__HOW TO COMPLETE THIS TASK__:
Starting with the line that holds "1978 Hot Wheels Emergency Squad" and stopping after the line that holds "3. 點擊 「下一步」 |", repeat the lines below word for word, without the pictures.

__EXCERPTED RECORDS__:
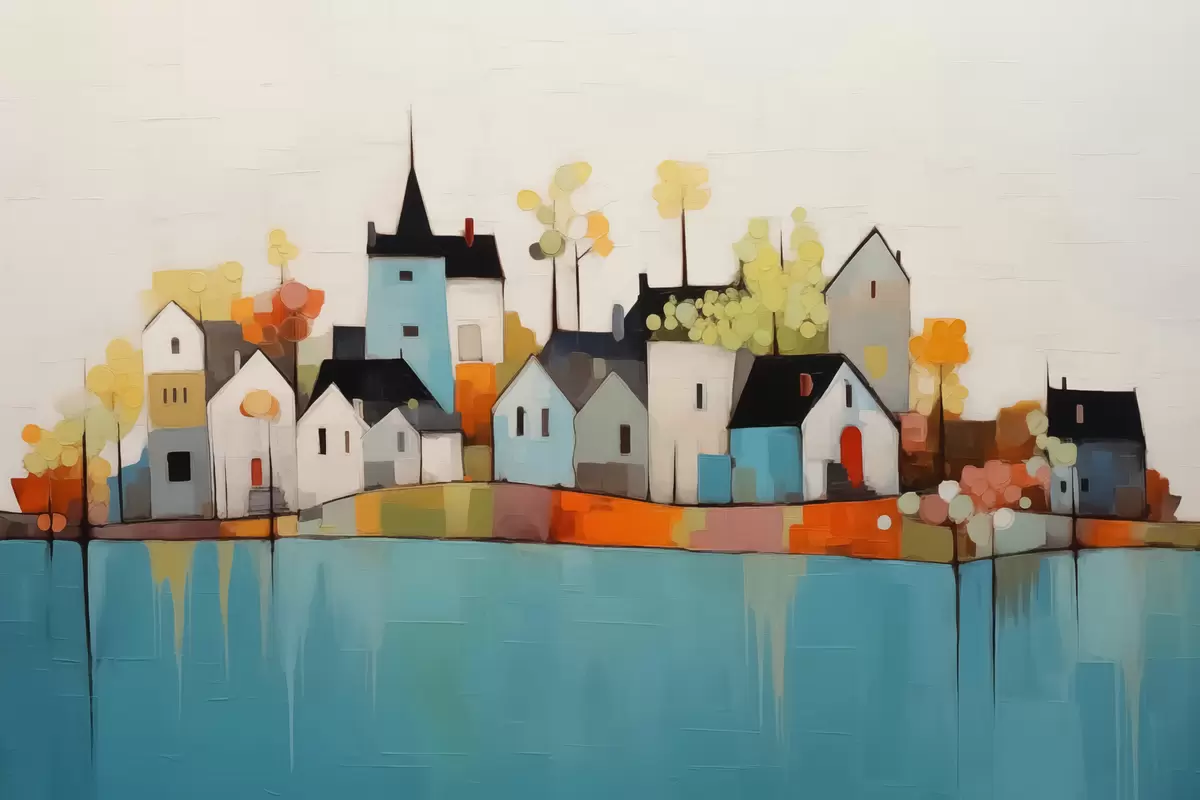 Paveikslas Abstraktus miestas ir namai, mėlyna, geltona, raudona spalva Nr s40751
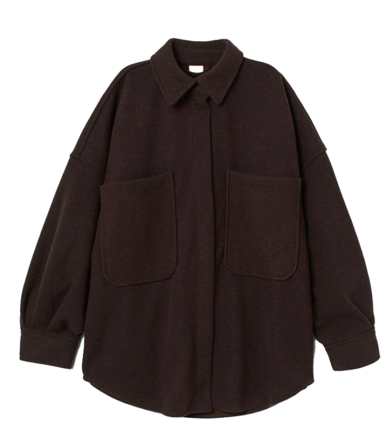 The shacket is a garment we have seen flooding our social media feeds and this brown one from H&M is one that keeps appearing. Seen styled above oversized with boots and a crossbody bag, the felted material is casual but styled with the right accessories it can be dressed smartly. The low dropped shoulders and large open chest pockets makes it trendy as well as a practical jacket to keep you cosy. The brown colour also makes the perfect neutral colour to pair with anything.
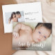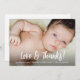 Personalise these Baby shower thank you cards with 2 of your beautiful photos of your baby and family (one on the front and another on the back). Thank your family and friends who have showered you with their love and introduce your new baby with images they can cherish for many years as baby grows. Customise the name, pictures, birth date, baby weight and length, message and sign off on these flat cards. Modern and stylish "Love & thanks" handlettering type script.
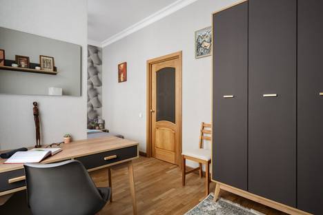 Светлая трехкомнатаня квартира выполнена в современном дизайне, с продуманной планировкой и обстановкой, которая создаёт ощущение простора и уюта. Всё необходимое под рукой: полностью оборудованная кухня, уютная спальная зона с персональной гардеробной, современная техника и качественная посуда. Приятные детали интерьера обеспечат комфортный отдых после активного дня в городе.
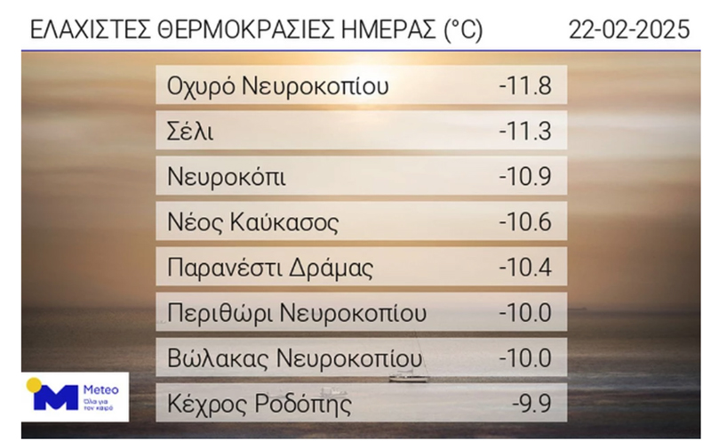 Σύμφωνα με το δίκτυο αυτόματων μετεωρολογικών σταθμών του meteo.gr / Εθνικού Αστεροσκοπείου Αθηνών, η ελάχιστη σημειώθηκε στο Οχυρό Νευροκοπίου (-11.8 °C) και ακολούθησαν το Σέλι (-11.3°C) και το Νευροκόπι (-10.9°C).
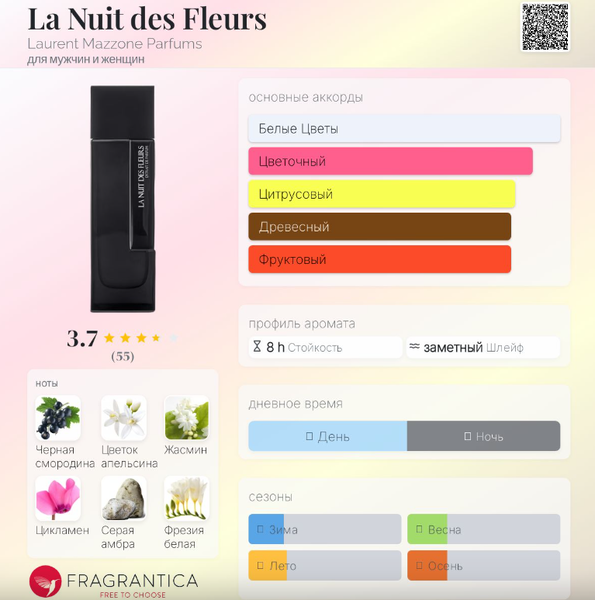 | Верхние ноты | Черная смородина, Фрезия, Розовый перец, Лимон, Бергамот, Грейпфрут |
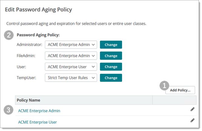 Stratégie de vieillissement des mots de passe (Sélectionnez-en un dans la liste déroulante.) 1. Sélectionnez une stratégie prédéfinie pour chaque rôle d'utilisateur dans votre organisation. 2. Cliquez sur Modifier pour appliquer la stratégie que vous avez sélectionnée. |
...
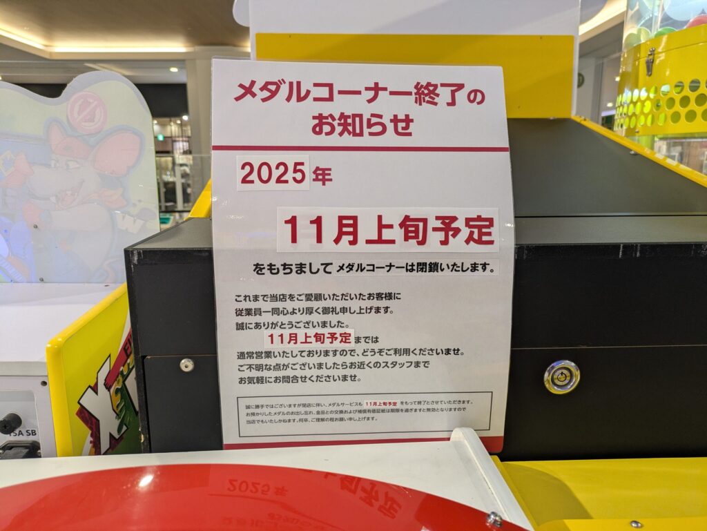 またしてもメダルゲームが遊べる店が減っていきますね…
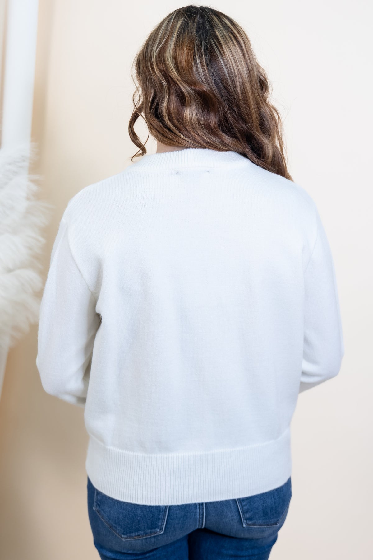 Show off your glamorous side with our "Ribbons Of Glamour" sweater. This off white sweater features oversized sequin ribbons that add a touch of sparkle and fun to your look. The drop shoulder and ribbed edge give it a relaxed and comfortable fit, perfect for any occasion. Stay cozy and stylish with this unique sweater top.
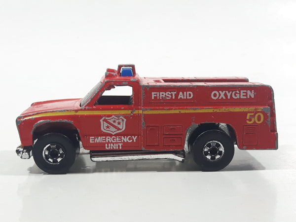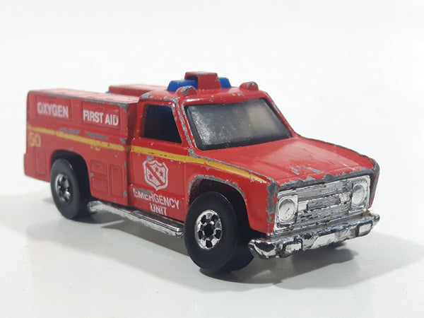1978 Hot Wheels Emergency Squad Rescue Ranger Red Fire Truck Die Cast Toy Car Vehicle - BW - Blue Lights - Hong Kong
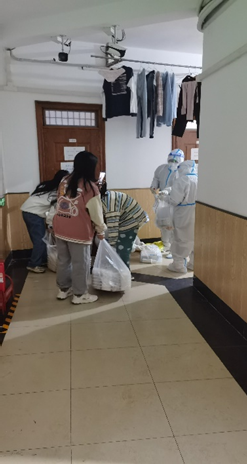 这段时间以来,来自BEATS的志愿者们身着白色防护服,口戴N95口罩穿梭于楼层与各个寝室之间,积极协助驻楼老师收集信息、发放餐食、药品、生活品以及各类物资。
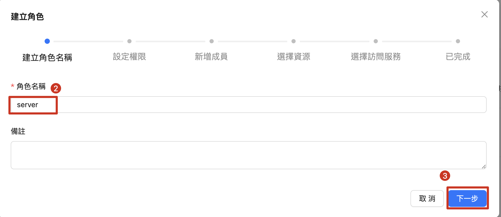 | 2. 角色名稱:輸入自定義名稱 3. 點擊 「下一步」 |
---
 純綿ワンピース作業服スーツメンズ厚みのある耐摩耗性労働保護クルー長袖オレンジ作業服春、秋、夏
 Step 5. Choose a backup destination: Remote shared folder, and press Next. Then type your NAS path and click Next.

__ANSWER BOX__:
1978 Hot Wheels Emergency Squad Rescue Ranger Red Fire Truck Die Cast Toy Car Vehicle - BW - Blue Lights - Hong Kong
 这段时间以来,来自BEATS的志愿者们身着白色防护服,口戴N95口罩穿梭于楼层与各个寝室之间,积极协助驻楼老师收集信息、发放餐食、药品、生活品以及各类物资。
 | 2. 角色名稱:輸入自定義名稱 3. 點擊 「下一步」 |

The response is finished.